Enquanto mais da metade dos trabalhadores brasileiros estão sem emprego e, portanto, sem salário, o governo federal tenta fazer mais um agrado financeiro às Forças Armadas (FFAA). Cada vez mais isolado, e contando basicamente com apoio do Partido do Exército, Bolsonaro aposta em conceder um reajuste de 73% aos membros das Forças Armadas. Sob a pomposa rubrica de “adicional de habilitação”, a medida busca burlar a lei que impede a concessão de reajuste salarial a funcionários públicos, durante a pandemia.
A manobra de Bolsonaro para favorecer os militares, no entanto, esbarrou no Ministério Público que pediu a suspensão do aumento salarial junto ao Tribunal de Contas da União. O subprocurador-geral Lucas Rocha Furtado argumenta que o “penduricalho” seria uma maneira de driblar a Lei Complementar 173/2020, que estabeleceu o Programa de Enfrentamento ao Coronavírus. A lei proíbe a concessão de aumento, reajuste ou adequação de remuneração a membros de poder ou de órgão, servidores e empregados públicos e militares.

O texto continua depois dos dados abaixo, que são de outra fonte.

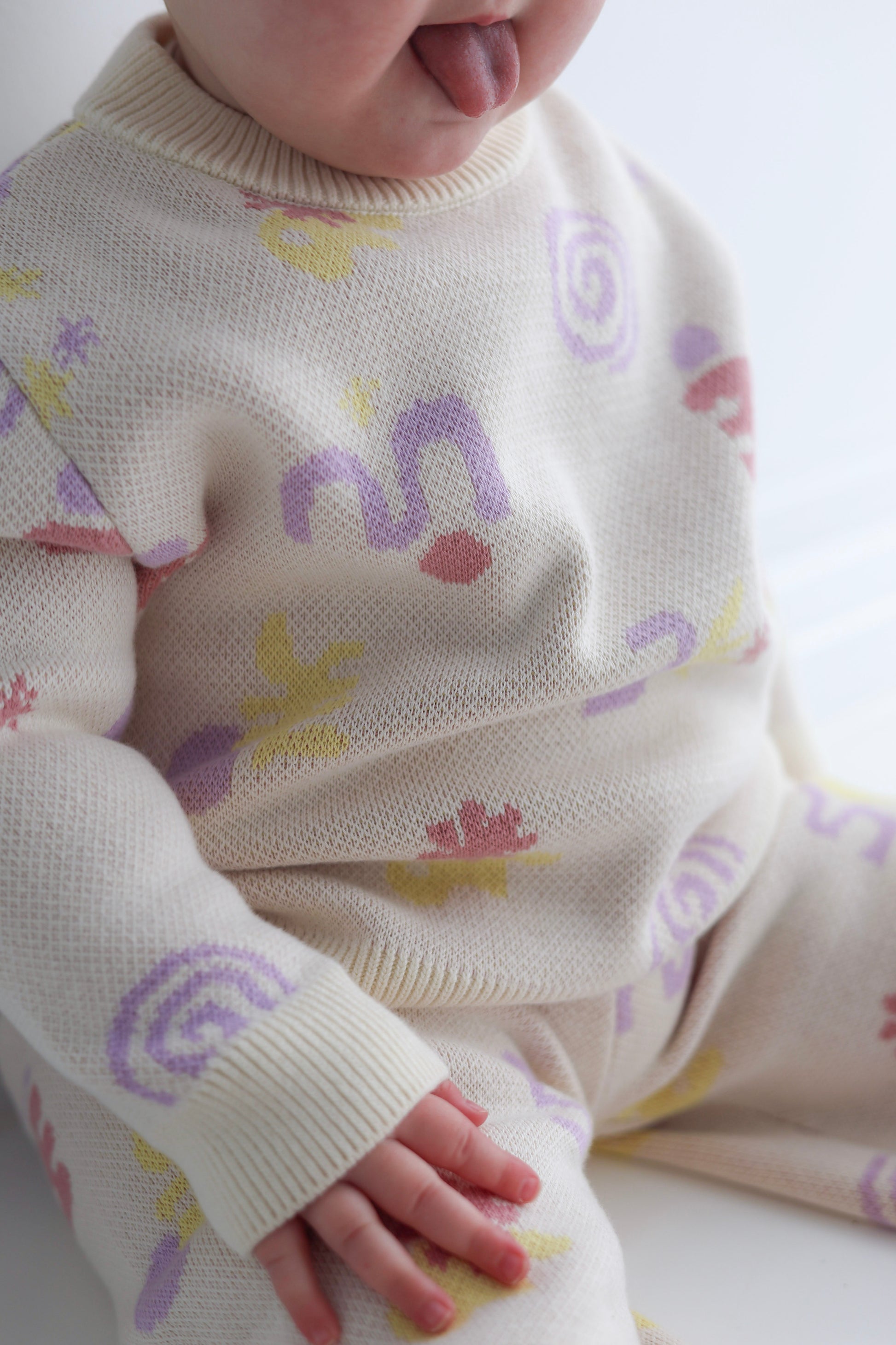 Featuring our Seaside pattern, this beautiful knit jumper is part of a matching jumper & pant set. Complete the look with our Seaside knit pants and mix and match with with other knitted pieces from this collection.
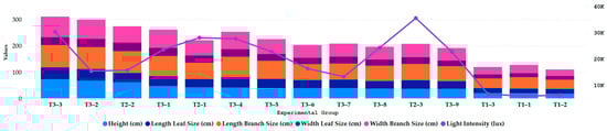 In addition, there were substantial leaf and branch size variations among the experimental groups at the 45-day mark (p-values of 1.59 × 10−11 and 3.61 × 10−9, respectively). The results of this study indicate that the UV LED light parameters impact the plants’ overall growth height, leaf expansion, and branch outgrowth, among other developmental characteristics.
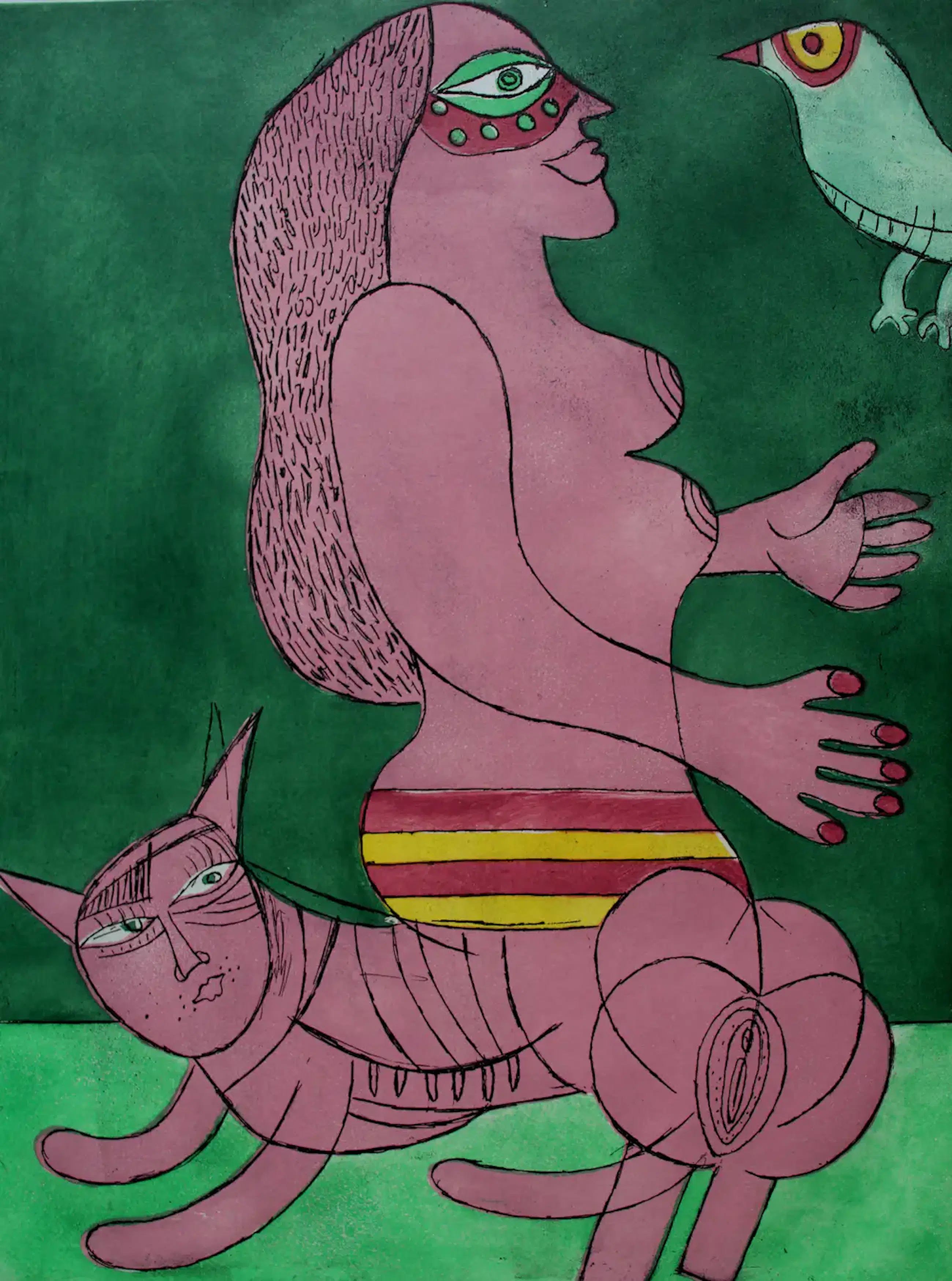 Ets van Corneille. Titel: Femme et Faune Familière. Jaar: 1978. Oplage: 8/25, E.A. Afmetingen blad: H76.5 x b56.5cm. Afmetingen voorstelling: H64 x b49cm. Het werk is, rechts onderaan, gesigneerd door de kunstenaar. De authenticiteit van het aangeboden werk wordt volledig gegarandeerd. Een certificaat van echtheid kan, op aanvraag, worden gemaild.

O aumento de até 73% na bonificação salarial aos militares das Forças Armadas que fazem cursos ao longo da carreira tem custo previsto de R$ 26,54 bilhões em cincos anos. O “penduricalho” será incorporado na folha de pagamento de julho, com impacto de R$ 1,3 bilhão neste ano, segundo nota técnica do ministério da Economia e dados do ministério da Defesa, obtidos pelo Estadão. O reajuste foi aprovado com a reforma da Previdência dos militares, no fim do ano passado.
Para o autor do pedido, “é difícil crer que no momento atual, quando se acumulam crises sanitária, econômica e fiscal, em face dos grandes esforços exigidos de todos para o enfrentamento da pandemia decorrente da Covid-19, o governo adote medida que virá a exigir ainda mais recursos da sociedade, já sobrecarregada por problemas que se acumulam nos campos da saúde e econômico, do convívio social, do emprego e da renda”.
A crescente participação dos militares nos principais cargos do governo segue a orientação da aliança que elegeu o “agitador das massas” presidente da República. Atualmente, oficiais das Forças Armadas comandam 10 dos 23 ministérios, são maioria no Palácio do Planalto e ocupam os principais cargos nas estatais. A massiva participação dos militares no governo é vista como um desvio das suas funções constitucionais e tem sofrido criticas de setores das FFAA.
Em plena pandemia, o governo mantém à frente do Ministério da Saúde um general sem qualificação técnica para a função, escalado para liberar a fabricação de cloroquina. Nesta semana, o governo teve de recuar na indicação do novo ministro da Educação, também oriundo do meio militar e igualmente sem “habilitação” para o cargo. Ao todo, segundo os últimos levantamentos da imprensa, mais de três mil militares ocupam cargos nas estruturas do governo federal.